INSTRUCTIONS TO FOLLOW:
What you return must match the records below character for character, except that no picture appears.

RECORDED DATA:
=== Begin Enclosure ===

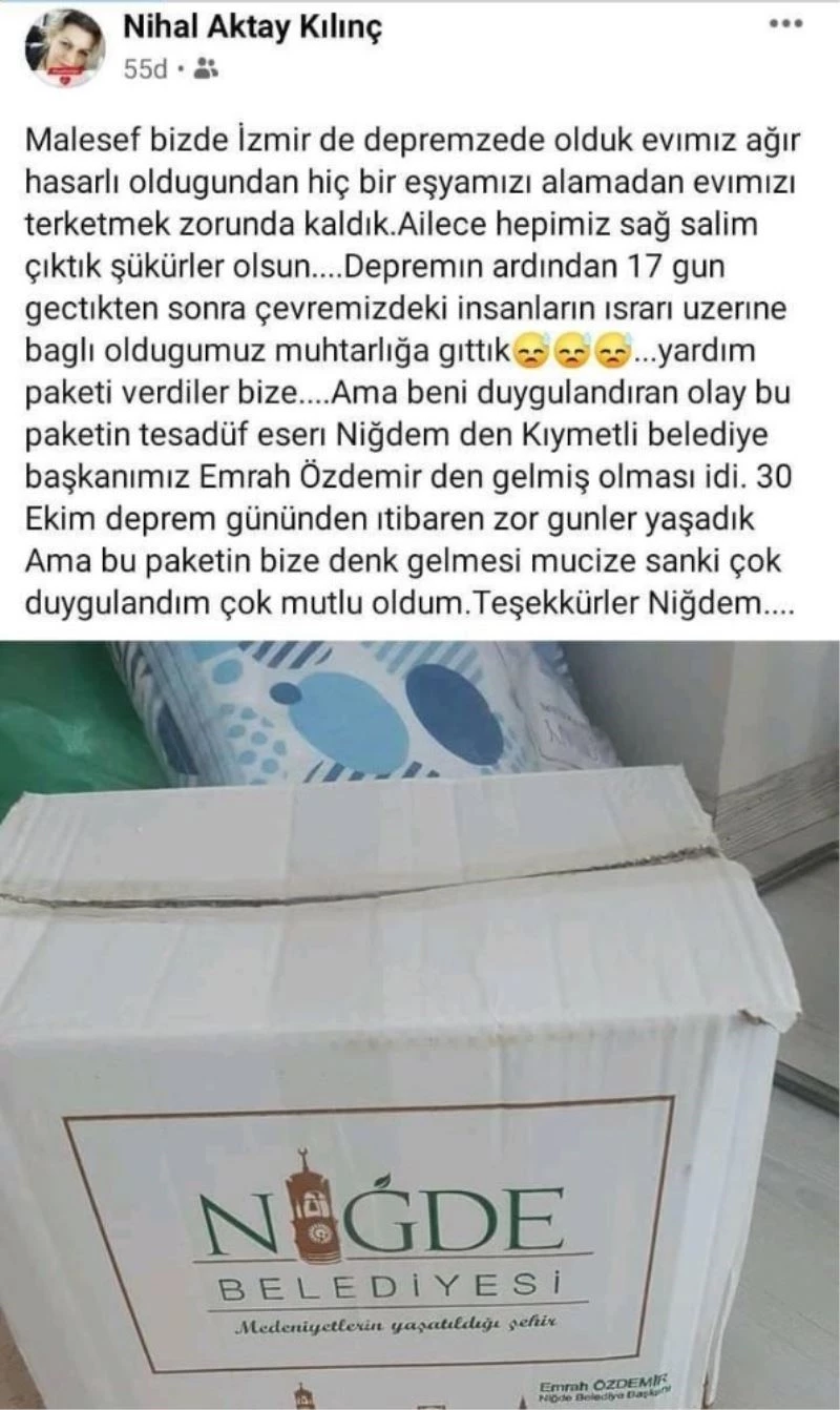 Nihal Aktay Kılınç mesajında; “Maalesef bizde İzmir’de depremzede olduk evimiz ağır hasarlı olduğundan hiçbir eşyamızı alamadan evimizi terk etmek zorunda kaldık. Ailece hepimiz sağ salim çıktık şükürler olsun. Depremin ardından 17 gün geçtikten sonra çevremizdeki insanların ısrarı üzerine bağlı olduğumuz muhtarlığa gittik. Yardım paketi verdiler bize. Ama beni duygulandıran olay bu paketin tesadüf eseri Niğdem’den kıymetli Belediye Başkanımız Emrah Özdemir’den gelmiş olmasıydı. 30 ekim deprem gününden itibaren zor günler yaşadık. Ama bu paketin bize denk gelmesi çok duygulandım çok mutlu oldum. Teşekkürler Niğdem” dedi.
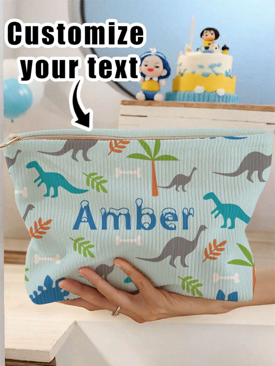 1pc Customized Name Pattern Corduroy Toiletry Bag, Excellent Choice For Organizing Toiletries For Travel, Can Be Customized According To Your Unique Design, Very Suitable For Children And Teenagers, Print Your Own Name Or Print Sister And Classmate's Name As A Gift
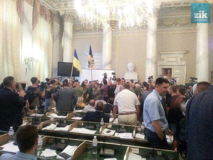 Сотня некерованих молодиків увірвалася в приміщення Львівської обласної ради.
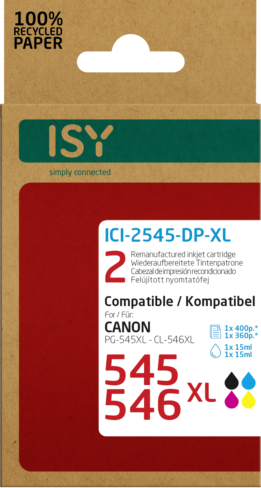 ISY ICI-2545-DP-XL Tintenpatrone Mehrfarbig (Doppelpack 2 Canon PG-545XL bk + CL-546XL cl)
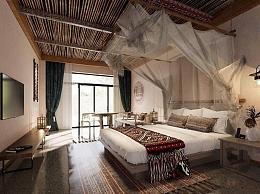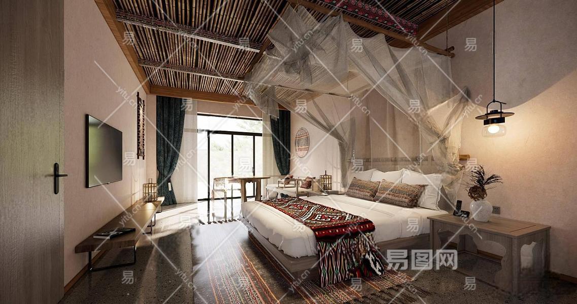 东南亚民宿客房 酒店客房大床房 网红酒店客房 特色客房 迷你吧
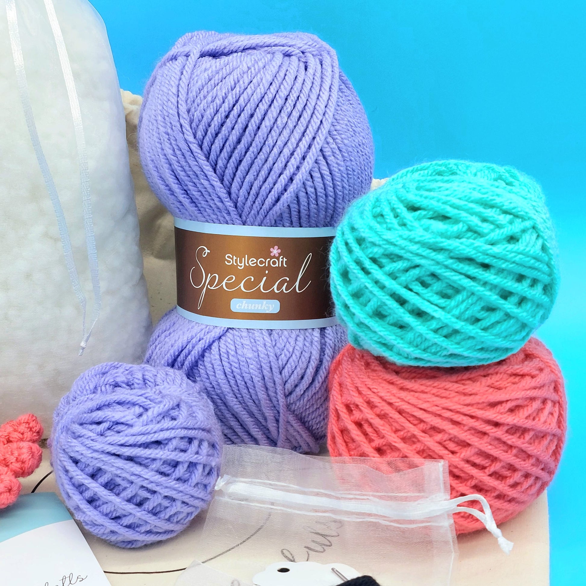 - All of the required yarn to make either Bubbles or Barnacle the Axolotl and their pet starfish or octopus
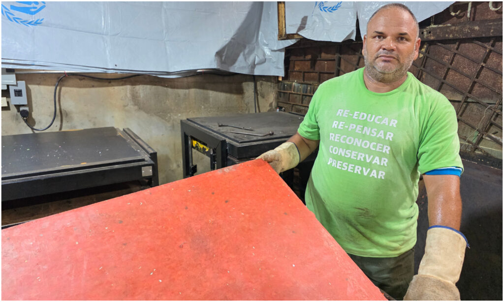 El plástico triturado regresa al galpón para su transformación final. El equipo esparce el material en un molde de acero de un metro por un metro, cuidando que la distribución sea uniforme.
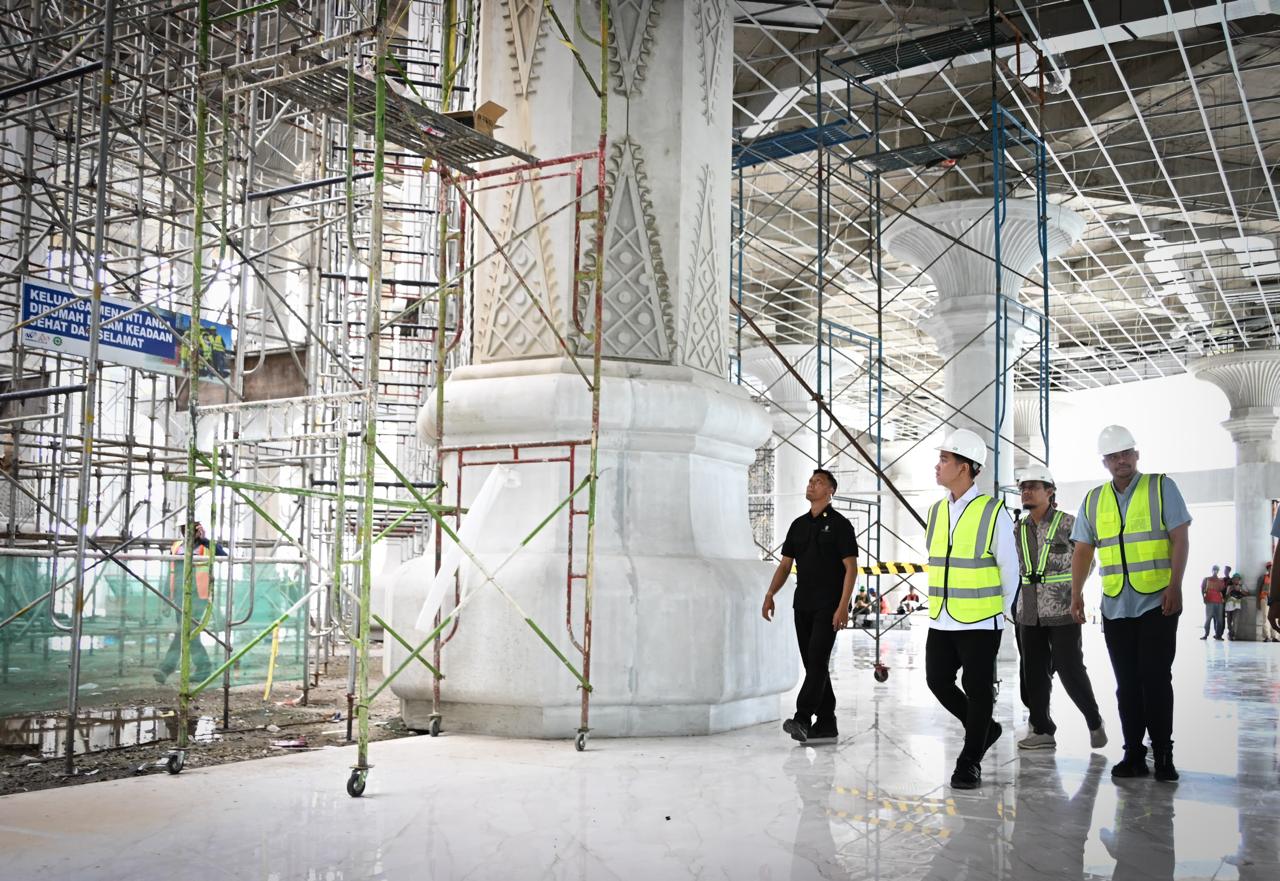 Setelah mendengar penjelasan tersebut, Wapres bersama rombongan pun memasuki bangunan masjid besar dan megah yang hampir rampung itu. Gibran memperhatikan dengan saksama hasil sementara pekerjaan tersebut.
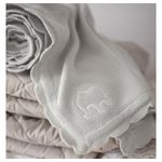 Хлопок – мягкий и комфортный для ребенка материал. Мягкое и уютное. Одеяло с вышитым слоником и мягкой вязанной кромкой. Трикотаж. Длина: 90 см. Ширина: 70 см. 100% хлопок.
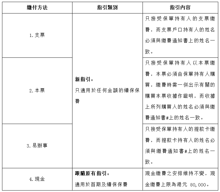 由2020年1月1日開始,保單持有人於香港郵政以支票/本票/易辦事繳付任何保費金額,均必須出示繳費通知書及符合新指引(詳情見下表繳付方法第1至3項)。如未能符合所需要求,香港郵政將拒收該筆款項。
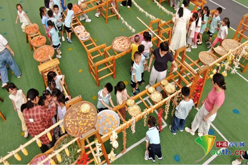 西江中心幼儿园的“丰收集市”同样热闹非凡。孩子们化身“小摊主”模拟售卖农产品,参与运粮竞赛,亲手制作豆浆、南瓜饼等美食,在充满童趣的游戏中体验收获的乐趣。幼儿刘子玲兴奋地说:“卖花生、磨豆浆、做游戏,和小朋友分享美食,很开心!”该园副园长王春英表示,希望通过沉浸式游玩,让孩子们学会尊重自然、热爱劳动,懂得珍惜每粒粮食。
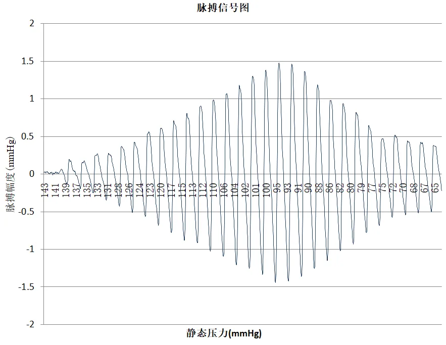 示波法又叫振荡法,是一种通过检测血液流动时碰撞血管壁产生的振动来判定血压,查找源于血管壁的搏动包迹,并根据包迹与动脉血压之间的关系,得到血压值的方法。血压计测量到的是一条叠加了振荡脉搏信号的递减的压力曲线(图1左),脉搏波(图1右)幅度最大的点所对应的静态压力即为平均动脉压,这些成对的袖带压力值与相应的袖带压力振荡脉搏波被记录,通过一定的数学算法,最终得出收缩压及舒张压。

=== End Enclosure ===

TASK SOLUTION:
 Nihal Aktay Kılınç mesajında; “Maalesef bizde İzmir’de depremzede olduk evimiz ağır hasarlı olduğundan hiçbir eşyamızı alamadan evimizi terk etmek zorunda kaldık. Ailece hepimiz sağ salim çıktık şükürler olsun. Depremin ardından 17 gün geçtikten sonra çevremizdeki insanların ısrarı üzerine bağlı olduğumuz muhtarlığa gittik. Yardım paketi verdiler bize. Ama beni duygulandıran olay bu paketin tesadüf eseri Niğdem’den kıymetli Belediye Başkanımız Emrah Özdemir’den gelmiş olmasıydı. 30 ekim deprem gününden itibaren zor günler yaşadık. Ama bu paketin bize denk gelmesi çok duygulandım çok mutlu oldum. Teşekkürler Niğdem” dedi.
 1pc Customized Name Pattern Corduroy Toiletry Bag, Excellent Choice For Organizing Toiletries For Travel, Can Be Customized According To Your Unique Design, Very Suitable For Children And Teenagers, Print Your Own Name Or Print Sister And Classmate's Name As A Gift
 Сотня некерованих молодиків увірвалася в приміщення Львівської обласної ради.
 ISY ICI-2545-DP-XL Tintenpatrone Mehrfarbig (Doppelpack 2 Canon PG-545XL bk + CL-546XL cl)
 东南亚民宿客房 酒店客房大床房 网红酒店客房 特色客房 迷你吧
 - All of the required yarn to make either Bubbles or Barnacle the Axolotl and their pet starfish or octopus
 El plástico triturado regresa al galpón para su transformación final. El equipo esparce el material en un molde de acero de un metro por un metro, cuidando que la distribución sea uniforme.
 Setelah mendengar penjelasan tersebut, Wapres bersama rombongan pun memasuki bangunan masjid besar dan megah yang hampir rampung itu. Gibran memperhatikan dengan saksama hasil sementara pekerjaan tersebut.
 Хлопок – мягкий и комфортный для ребенка материал. Мягкое и уютное. Одеяло с вышитым слоником и мягкой вязанной кромкой. Трикотаж. Длина: 90 см. Ширина: 70 см. 100% хлопок.
 由2020年1月1日開始,保單持有人於香港郵政以支票/本票/易辦事繳付任何保費金額,均必須出示繳費通知書及符合新指引(詳情見下表繳付方法第1至3項)。如未能符合所需要求,香港郵政將拒收該筆款項。
 西江中心幼儿园的“丰收集市”同样热闹非凡。孩子们化身“小摊主”模拟售卖农产品,参与运粮竞赛,亲手制作豆浆、南瓜饼等美食,在充满童趣的游戏中体验收获的乐趣。幼儿刘子玲兴奋地说:“卖花生、磨豆浆、做游戏,和小朋友分享美食,很开心!”该园副园长王春英表示,希望通过沉浸式游玩,让孩子们学会尊重自然、热爱劳动,懂得珍惜每粒粮食。
 示波法又叫振荡法,是一种通过检测血液流动时碰撞血管壁产生的振动来判定血压,查找源于血管壁的搏动包迹,并根据包迹与动脉血压之间的关系,得到血压值的方法。血压计测量到的是一条叠加了振荡脉搏信号的递减的压力曲线(图1左),脉搏波(图1右)幅度最大的点所对应的静态压力即为平均动脉压,这些成对的袖带压力值与相应的袖带压力振荡脉搏波被记录,通过一定的数学算法,最终得出收缩压及舒张压。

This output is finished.